• **HOW TO COMPLETE THIS TASK**: Repeat the lines from the line with "Eleverna får uppleva" to the line with "Keywords: rose red" in the listing below, keeping both end lines and adding nothing.

• **MATERIAL PROVIDED**:
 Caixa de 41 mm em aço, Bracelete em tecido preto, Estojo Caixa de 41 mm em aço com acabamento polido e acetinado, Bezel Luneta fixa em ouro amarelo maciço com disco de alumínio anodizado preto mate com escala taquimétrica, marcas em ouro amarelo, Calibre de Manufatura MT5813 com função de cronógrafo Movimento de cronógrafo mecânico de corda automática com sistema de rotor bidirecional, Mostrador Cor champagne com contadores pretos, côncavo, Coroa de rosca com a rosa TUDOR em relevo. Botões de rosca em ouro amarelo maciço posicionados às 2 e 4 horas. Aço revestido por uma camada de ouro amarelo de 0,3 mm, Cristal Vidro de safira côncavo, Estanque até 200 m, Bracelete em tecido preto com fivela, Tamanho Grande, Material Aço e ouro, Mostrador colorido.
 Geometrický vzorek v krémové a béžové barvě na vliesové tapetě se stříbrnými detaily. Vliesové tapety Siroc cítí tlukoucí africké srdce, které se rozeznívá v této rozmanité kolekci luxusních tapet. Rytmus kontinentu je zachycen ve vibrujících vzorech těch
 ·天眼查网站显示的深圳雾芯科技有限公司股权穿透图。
--
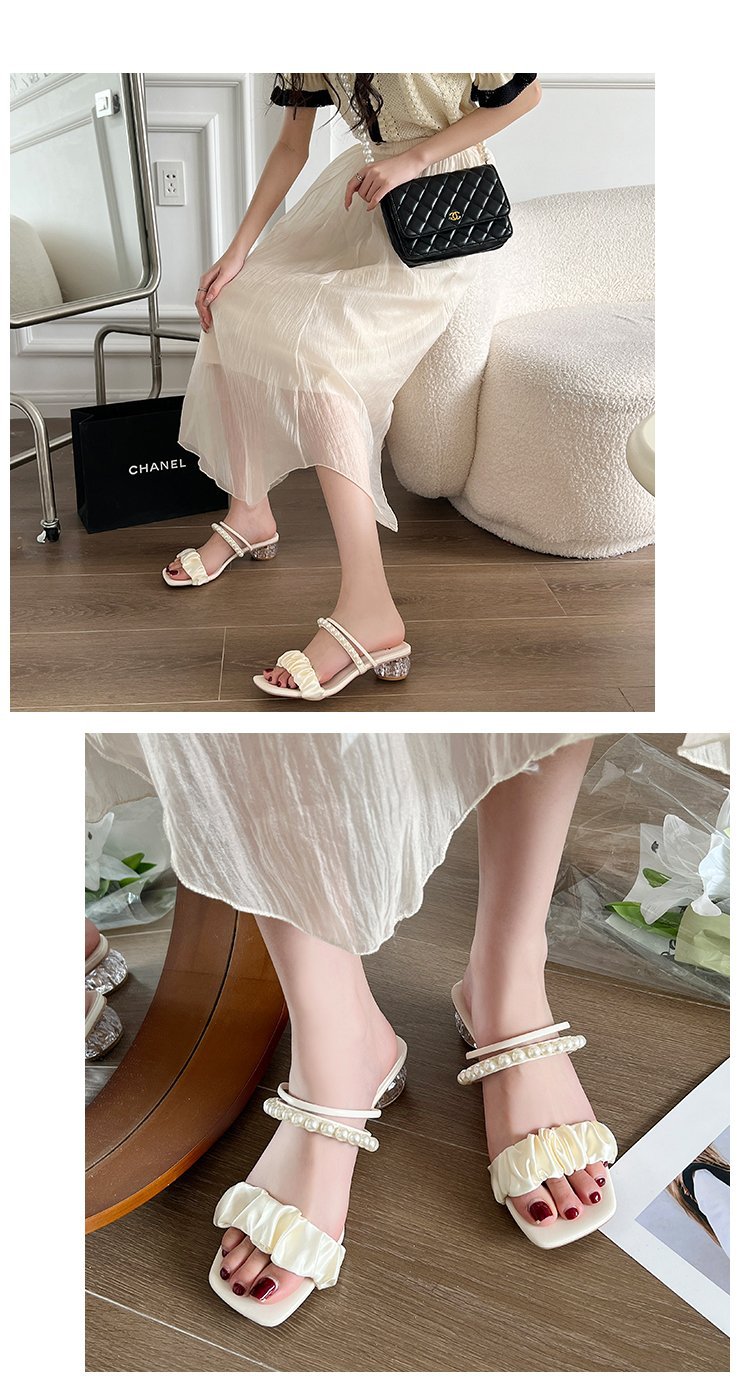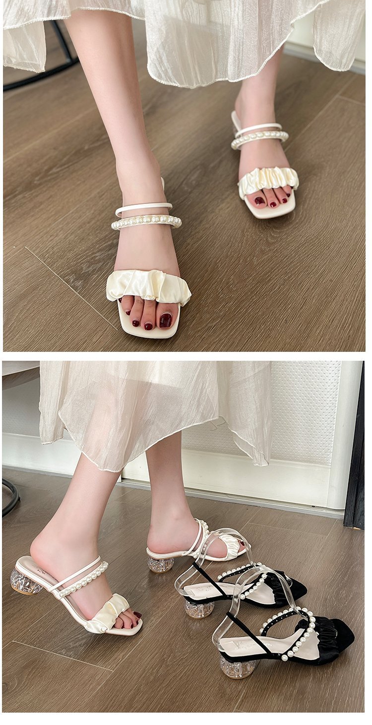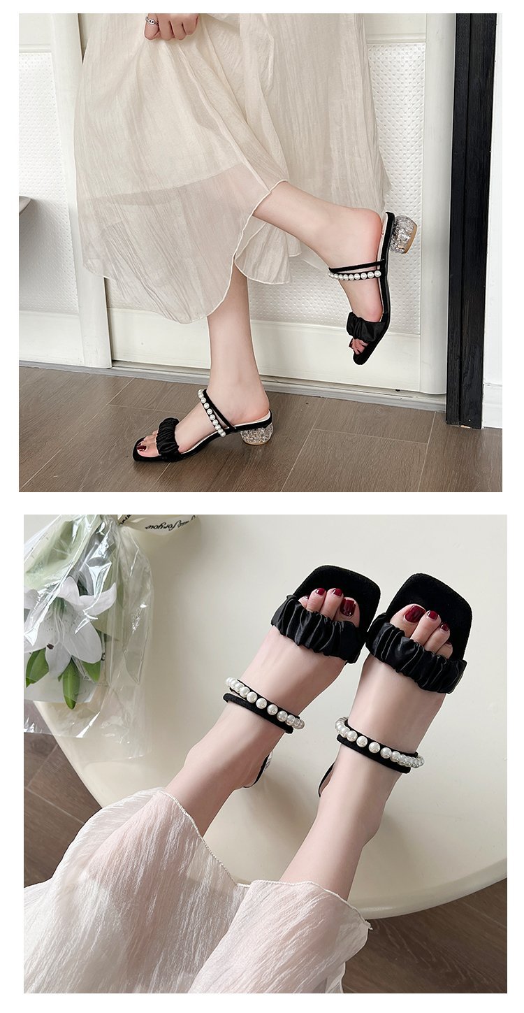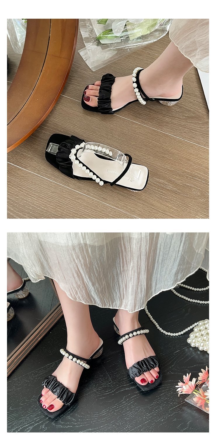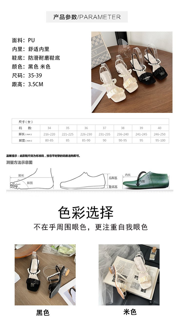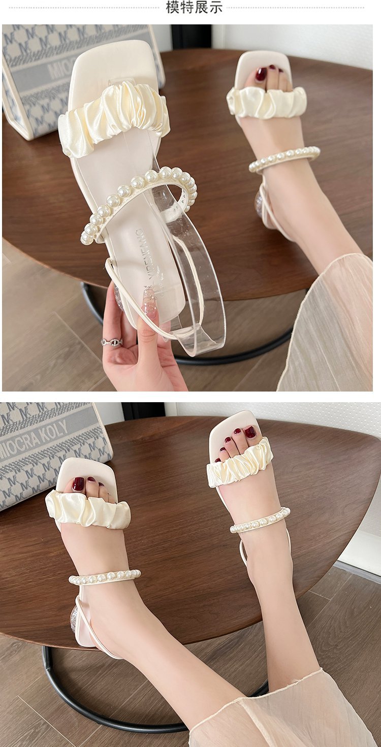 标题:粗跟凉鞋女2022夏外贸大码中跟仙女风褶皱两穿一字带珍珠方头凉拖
---
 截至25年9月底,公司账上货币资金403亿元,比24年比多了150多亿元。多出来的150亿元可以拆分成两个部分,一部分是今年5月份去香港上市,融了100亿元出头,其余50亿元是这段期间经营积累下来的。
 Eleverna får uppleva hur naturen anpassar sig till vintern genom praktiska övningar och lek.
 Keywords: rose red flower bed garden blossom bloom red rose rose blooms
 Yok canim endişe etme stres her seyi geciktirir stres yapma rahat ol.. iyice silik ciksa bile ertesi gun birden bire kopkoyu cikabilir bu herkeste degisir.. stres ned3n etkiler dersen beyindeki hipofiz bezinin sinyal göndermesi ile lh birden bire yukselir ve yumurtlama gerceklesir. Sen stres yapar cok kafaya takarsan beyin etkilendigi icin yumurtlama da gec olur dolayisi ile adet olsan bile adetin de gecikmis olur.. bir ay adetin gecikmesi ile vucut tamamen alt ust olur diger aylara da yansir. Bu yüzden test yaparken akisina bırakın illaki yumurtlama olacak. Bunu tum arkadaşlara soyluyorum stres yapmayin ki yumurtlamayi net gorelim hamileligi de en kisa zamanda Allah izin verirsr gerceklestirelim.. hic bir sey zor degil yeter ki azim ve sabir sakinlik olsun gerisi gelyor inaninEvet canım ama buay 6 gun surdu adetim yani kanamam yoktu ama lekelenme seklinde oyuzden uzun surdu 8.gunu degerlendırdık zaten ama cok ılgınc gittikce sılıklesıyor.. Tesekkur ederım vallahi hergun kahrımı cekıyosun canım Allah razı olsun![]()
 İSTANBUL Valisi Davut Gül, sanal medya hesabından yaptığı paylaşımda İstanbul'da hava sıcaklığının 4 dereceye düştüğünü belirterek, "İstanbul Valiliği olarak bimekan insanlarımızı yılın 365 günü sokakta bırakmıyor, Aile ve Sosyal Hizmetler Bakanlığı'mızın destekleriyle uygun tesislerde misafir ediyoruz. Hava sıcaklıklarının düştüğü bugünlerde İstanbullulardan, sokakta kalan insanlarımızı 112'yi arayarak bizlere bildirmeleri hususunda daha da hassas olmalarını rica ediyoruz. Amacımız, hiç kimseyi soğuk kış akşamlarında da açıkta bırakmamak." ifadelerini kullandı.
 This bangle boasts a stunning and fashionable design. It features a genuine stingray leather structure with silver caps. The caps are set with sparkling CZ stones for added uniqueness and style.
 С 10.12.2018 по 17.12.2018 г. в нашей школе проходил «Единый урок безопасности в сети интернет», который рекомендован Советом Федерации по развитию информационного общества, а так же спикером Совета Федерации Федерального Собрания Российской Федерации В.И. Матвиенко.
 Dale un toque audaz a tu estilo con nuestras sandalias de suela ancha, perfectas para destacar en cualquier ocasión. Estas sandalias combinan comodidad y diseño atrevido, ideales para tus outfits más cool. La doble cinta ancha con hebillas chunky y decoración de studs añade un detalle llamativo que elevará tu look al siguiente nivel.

• **ANSWER AREA**:
 Eleverna får uppleva hur naturen anpassar sig till vintern genom praktiska övningar och lek.
 Keywords: rose red flower bed garden blossom bloom red rose rose blooms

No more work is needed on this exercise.